The debt service coverage ratio calculator measures how comfortably your income covers your debt repayments. You enter your net operating income (NOI) and your total annual debt service, which is the sum of principal and interest you must pay on your loans over the year, and the tool returns the DSCR as a ratio. A DSCR of 1.0 means your income exactly covers your repayments with nothing to spare, while a figure above 1.0 means you have surplus income and below 1.0 means your income falls short. Lenders rely heavily on this ratio when assessing loans for commercial property, rental portfolios and business borrowing, because it shows whether the cash a venture produces is enough to meet its obligations. Many New Zealand lenders look for a DSCR of around 1.2 to 1.35 or higher, so there is a buffer against vacancies, rate rises or unexpected costs. Property investors and business owners use the same measure to sanity check their own borrowing before they commit. To use the calculator well, base NOI on income after operating expenses such as rates, insurance, maintenance and management fees, but before financing costs and tax, and make sure your debt service figure captures all loans, including interest and any principal repayments due that year. If your DSCR is tight, you can improve it by lifting income, trimming operating costs, or restructuring debt to lower the annual repayment, for example by extending the term. Reviewing the ratio whenever income, expenses or interest rates change helps you stay ahead of serviceability problems and keeps your borrowing on a sound footing.
DSCR = net operating income / total annual debt service.
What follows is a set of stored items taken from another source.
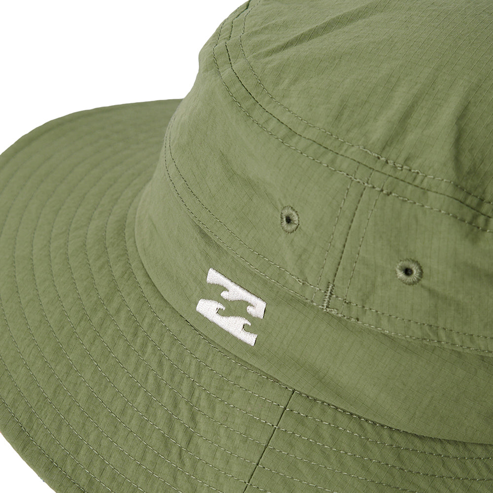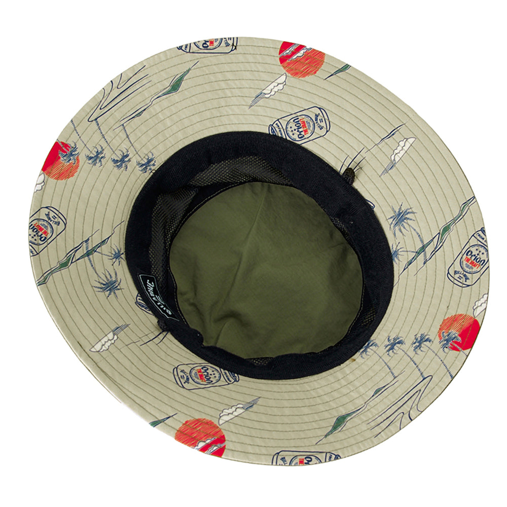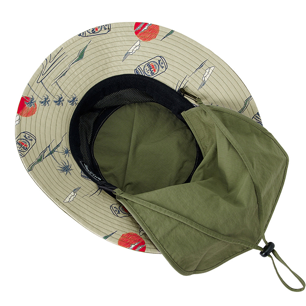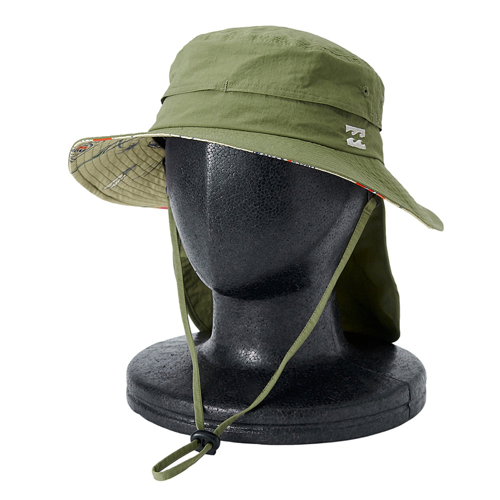 UV プロテクション(UPF50+)を備えたハット。メイン素材にポリエステルを使用し、首の日焼けを防止するサンシェードには、ORIONBEER とBILLABONG のロゴをプリントしました。便利なループストラップ付きで、水陸どちらでも使用可能です。サイドにワンポイントと、たれ部分にコラボロゴを配置。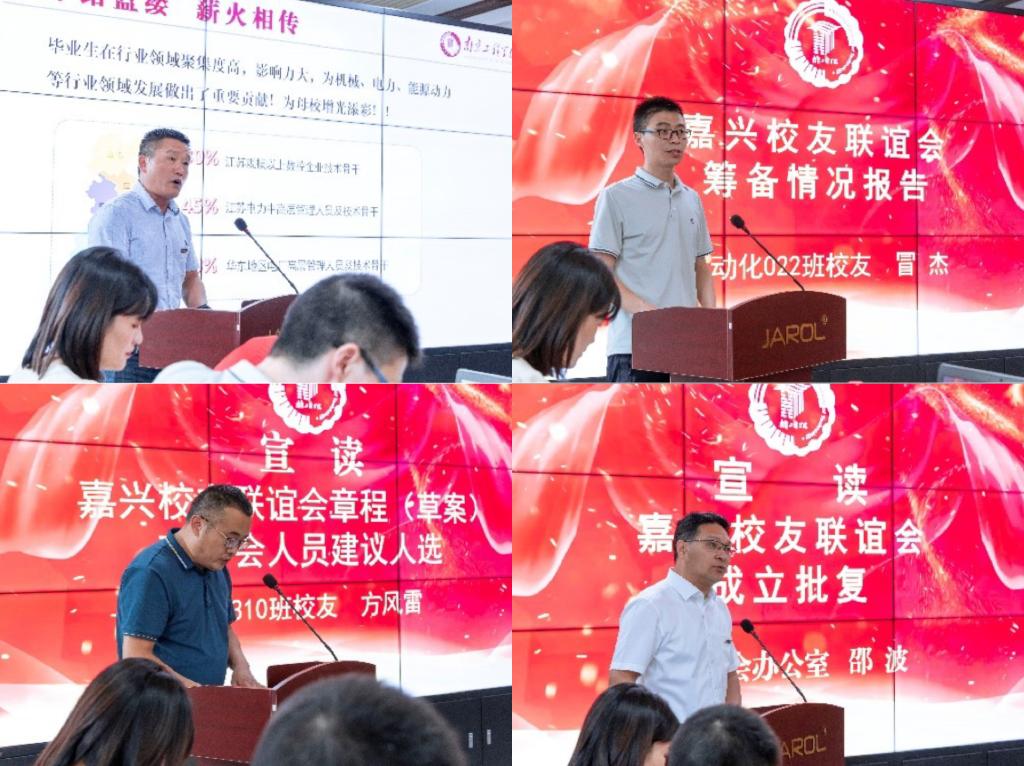 会上,校友会办公室向校友们介绍了学校的办学历程以及近年来学校事业改革发展所取得的突出成绩,并就学校“十四五”规划及2035年远景目标纲要的主要内容作汇报说明。嘉兴校友联谊会筹备组、自动化022班校友冒杰汇报了嘉兴校友联谊会筹备情况,控9310班校友方风雷介绍了《嘉兴校友联谊会章程(草案)》、嘉兴校友联谊会理事会组成人员建议人选报告。beat365校友会办公室负责人宣读了《关于同意beat365官方网站嘉兴校友联谊会成立的批复》。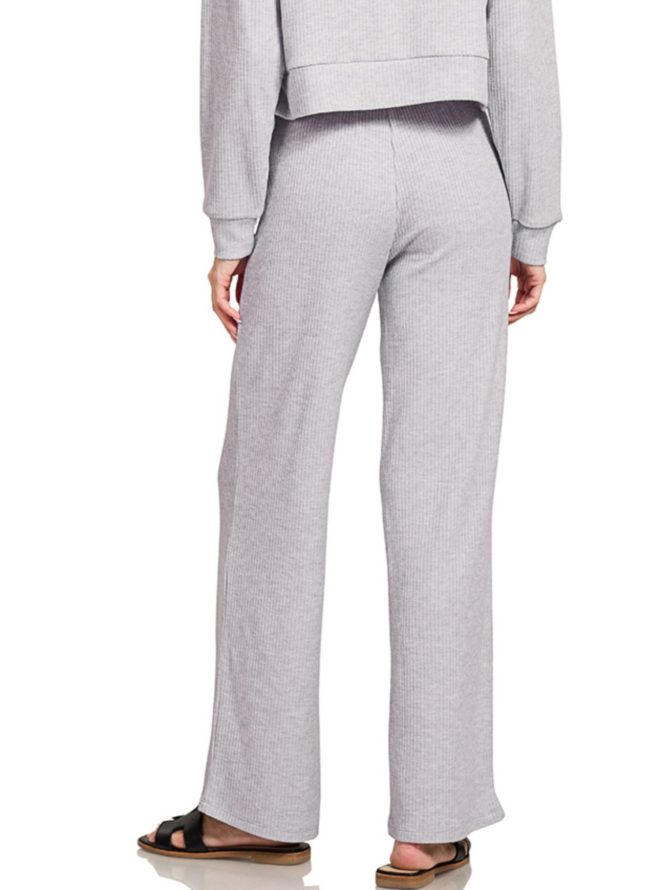 These comfortable wide-leg lounge pants feature a soft ribbed knit construction in an elegant sage green color. The relaxed fit design includes an adjustable drawstring waistband for personalized comfort and easy wear. Made from breathable lightweight fabric, these pants offer the perfect balance of style and comfort for lounging at home or casual everyday wear. The wide-leg silhouette provides freedom of movement while maintaining a flattering appearance.

Estimate only, not financial or tax advice.
The DSCR is your net operating income divided by your total annual debt service. A result above 1.0 means income more than covers repayments. With 120,000 of income and 90,000 of debt service, the ratio is 120,000 divided by 90,000.
With net operating income of $120,000 and total annual debt service of $90,000, the DSCR is 120,000 divided by 90,000, which is 1.33. That means income covers repayments about 1.33 times over, leaving a buffer.